EXERCISE BRIEF | After locating the line with "The Cast Housed" in the entries below, output it and each following line up to and including the line with "- Набор пробников", exactly and without pictures.

Stored items from a collection
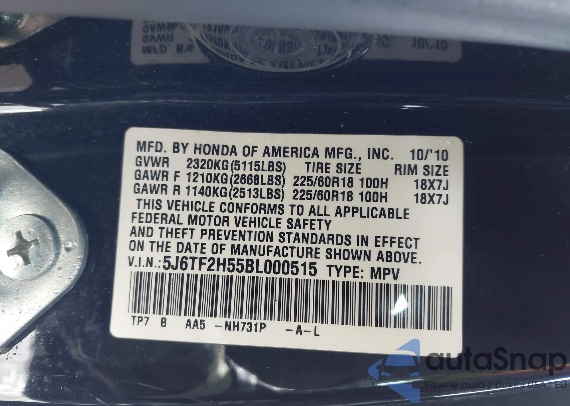 • VIN 5J6TF2H55BL000515
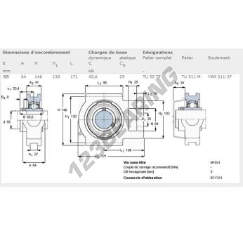 The Cast Housed Bearing - 1 Bolt which is known by TU55-TF-SKF SKF has a bore diameter of 55 mm. This reference is made of cast iron and the type of clamping is by .
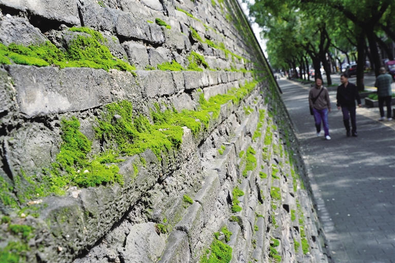 西安城墙北段景色(10月13日摄)。 西安城墙始建于隋唐、扩建于明代,是中国现存历史最悠久、保存最完整的古代城垣建筑。连绵秋雨过后,苔藓等植物为西安城墙披上了一层绿色的外衣,吸引市民和游人驻足观看、拍照。 新华社记者 邵瑞 摄
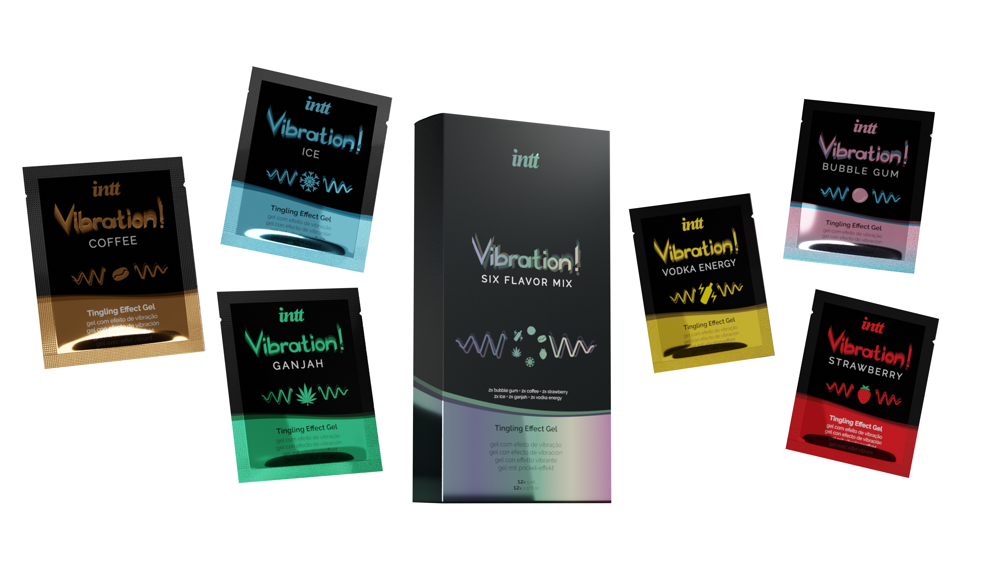 - Набор пробников жидкого вибратора Intt Vibration Six Flavor Mix (12 по 5 мл)
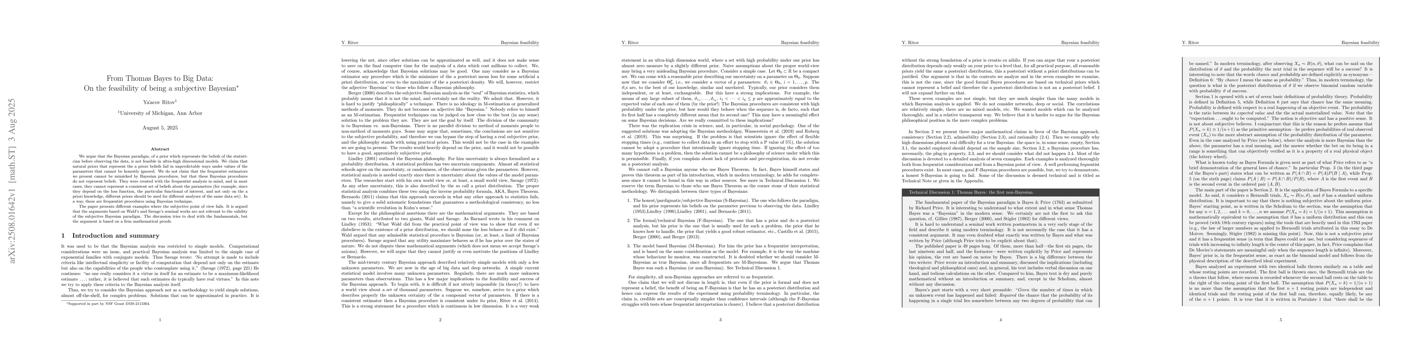 We argue that the Bayesian paradigm, of a prior which represents the beliefs of the statistician before observing the data, is not feasible in ultra-high-dimensional models. We claim that natural priors that represent the a priori beliefs fail in unpredictable ways under values of the parameters that cannot be honestly ignored. We do not claim that the frequentist estimators we present cannot be mimicked by Bayesian procedures, but that these Bayesian procedures do not represent beliefs. They were created with the frequentist analysis in mind, and in most cases, they cannot represent a consistent set of beliefs about the parameters (for example, since they depend on the loss function, the particular functional of interest, and not only on the a priori knowledge, different priors should be used for different analyses of the same data set). In a way, these are frequentist procedures using a Bayesian technique. The paper presents different examples where the subjective point of view fails. It is argued that the arguments based on Wald's and Savage's seminal works are not relevant to the validity of the subjective Bayesian paradigm. The discussion tries to deal with the fundamentals, but the argument is based on a firm mathematical proofs.
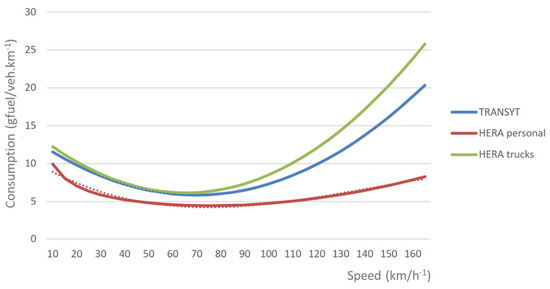 Comparison of fuel consumption (in liters per 100 km) according to models HERA COPERT and TRANSYT.

ANSWER SECTION |
 The Cast Housed Bearing - 1 Bolt which is known by TU55-TF-SKF SKF has a bore diameter of 55 mm. This reference is made of cast iron and the type of clamping is by .
 西安城墙北段景色(10月13日摄)。 西安城墙始建于隋唐、扩建于明代,是中国现存历史最悠久、保存最完整的古代城垣建筑。连绵秋雨过后,苔藓等植物为西安城墙披上了一层绿色的外衣,吸引市民和游人驻足观看、拍照。 新华社记者 邵瑞 摄
 - Набор пробников жидкого вибратора Intt Vibration Six Flavor Mix (12 по 5 мл)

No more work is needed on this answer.